[BUG]azure-storage: High Lock Contention for concurrent Blob Uploads at scale

saty101 commented 2 months ago

Describe the bug We are using Azure java SDK storage APIs to upload large number of files (blobs) to Azure Blob Storage. To do this, we are creating multiple BlobClient instances using a single BlobContainerClient which is being cached and is a shared resource. Each thread creates its own BlobClient for each blob it needs to upload. However, we have observed high lock contention and performance degradation as the number of uploads increases.
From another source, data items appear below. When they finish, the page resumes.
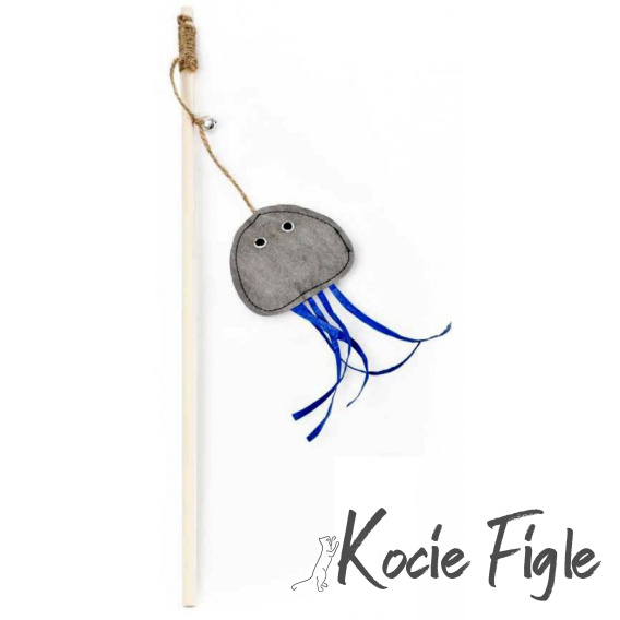 Wędka dla kota z meduzą pozwala na interaktywną zabawę, angażując kota w łapanie, skakanie i szarpanie.
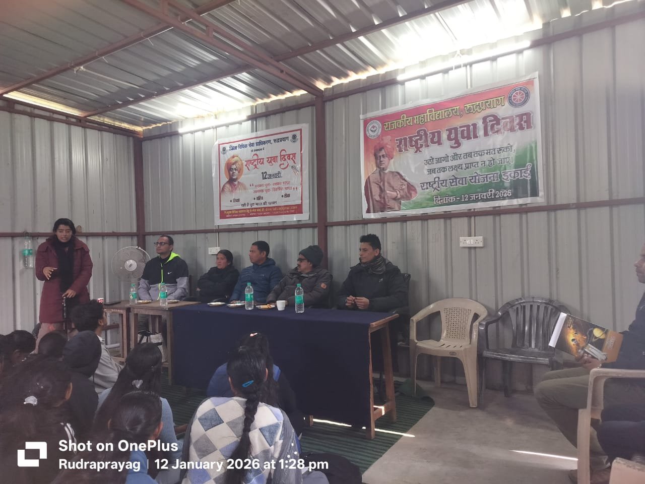 राष्ट्रीय युवा दिवस के अवसर पर राष्ट्रीय सेवा योजना (एनएसएस) इकाई, राजकीय महाविद्यालय रुद्रप्रयाग द्वारा महाविद्यालय परिसर में स्वच्छता जागरूकता अभियान एवं गोष्ठी का आयोजन किया गया। कार्यक्रम का शुभारंभ महाविद्यालय के प्राचार्य डॉ. आशुतोष त्रिपाठी द्वारा किया गया।
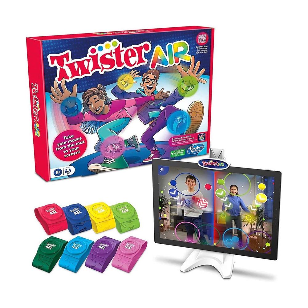 Κάνε κινήσεις από το χαλί στην οθόνη με το παιχνίδι Twister Air! Σε αυτό το παιχνίδι Twister με δυνατότητα εφαρμογής, το πάρτι μετακινείται στην έξυπνη συσκευή ενός παίκτη. Αυτό το διασκεδαστικό παιχνίδι πάρτι περιλαμβάνει 8 πολύχρωμες ζώνες Twister Air και μια βάση συσκευής που λειτουργεί για οποιοδήποτε smartphone ή tablet.
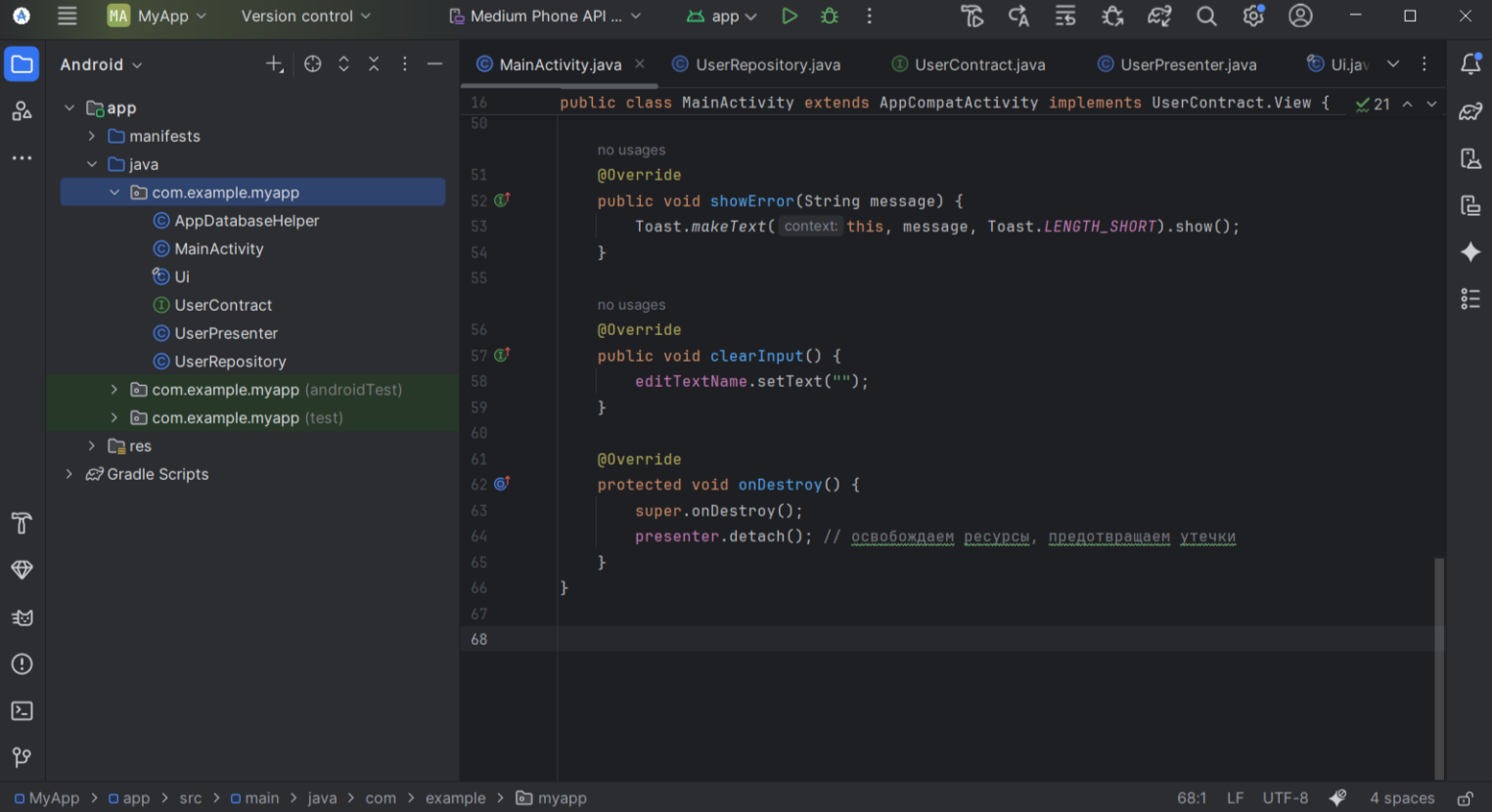 - MainActivity — это View (представление). Отвечает только за отображение интерфейса, передачу действий пользователя в Presenter, показ результата (списка пользователей, ошибок).
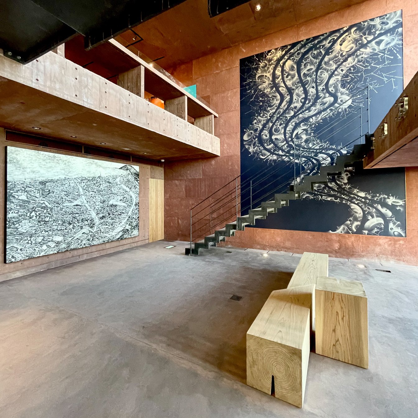 奥に進むと階段が現れ、その脇に別府に立ち登る湯煙のような鈴木ヒラクの「ゆらぎから光へ」という作品。その隣に西野壮平が別府の街中で撮影した2万5000枚の写真をコラージュして作った「別府温泉世界地図」が飾られている。いずれも、このホテルでしか見れないサイトスペシフィックな作品だ。
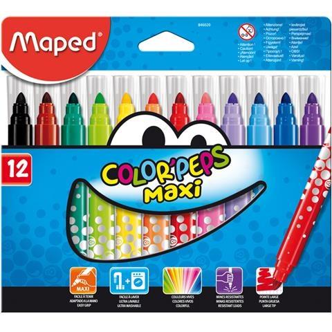 Flamastry COLORPEPS 12 sztuk w kartonowym etui. Wentylowana skuwka. Tusz łatwo zmywalny ze skóry i tekstyliów. Mocna, gruba końcówka jest wytrzymała na nacisk. Intensywne kolory.

During load tests when creating the BlobContainerClient using SAS tokens, we observed that there is a high contention at java.util.HashTable.

When trying do the same load tests using connectionString authorization, we observed the contention at java.text.RuleBasedCollator.

These 2 images are taken when we do 2Mn calls to the blob storage when using one single BlobContainerClient and we create 2Mn separate BlobClients to upload each single blob.

Note: We cannot batch upload all the files to the blob storage service as our use case demands that we make separate requests to the blob service.

Exception or Stack Trace Provided in the JFR screenshots.

To Reproduce Create a file of random characters of 500 bytes and do separate Blob requests to a specific Blob container where you can use either connectionString authorization or SAS tokens. Create separate BlobClients for each Blob and when making the request, add a random character as your blobName. Submit all these tasks to an executorService where at least 3.5k threads are doing the blob calls.

Code Snippet

// just adding sample code to hammer the blob service with 2Mn requests
BlobContainerClient containerClient = new BlobContainerClientBuilder()
                .containerName(containerName)
                .connectionString(connectionString)
                .httpClient(httpClient) // create a specific one for high throughput
                .buildClient();
ExecutorService executorService = Executors.newFixedThreadPool(numThreads);
for (int i = 0; i < 2_000_000; i++) {
            executorService.submit(() -> {
                String blobName = "blob-" + i + ".txt";
                BlobClient blobClient = containerClient.getBlobClient(blobName);

                String data = getRandomString(); 
                ByteArrayInputStream dataStream = new ByteArrayInputStream(data.getBytes(StandardCharsets.UTF_8));

                blobClient.upload(BinaryData.fromBytes(data.getBytes()), true); // our usecase demands that we overwrite if the blob name is same by accident
            });
        }
executorService.shutdown();
executorService.awaitTermination(1, TimeUnit.HOURS);

Expected behavior It is understandable to have intermittent fluctuations in the request call latency to blob service but contention at the sdk level causes the throughput of the number of blobs uploaded to be reduced by a huge amount. Azure documentation says that the throughput that can be handled by storage account is 20k requests per sec but this contention seems to be a bottleneck in reaching this threshold.

Setup:

OS: Linux
IDE: IntelliJ
Library/Libraries: com.azure:azure-storage-blob:12.25.3
Java version: JDK 17

Information Checklist Kindly make sure that you have added all the following information above and checkoff the required fields otherwise we will treat the issuer as an incomplete report

[x] Bug Description Added
[x] Repro Steps Added
[x] Setup information Added

github-actions[bot] commented 2 months ago

@ibrahimrabab @ibrandes @kyleknap @seanmcc-msft

github-actions[bot] commented 2 months ago

Thank you for your feedback. Tagging and routing to the team member best able to assist.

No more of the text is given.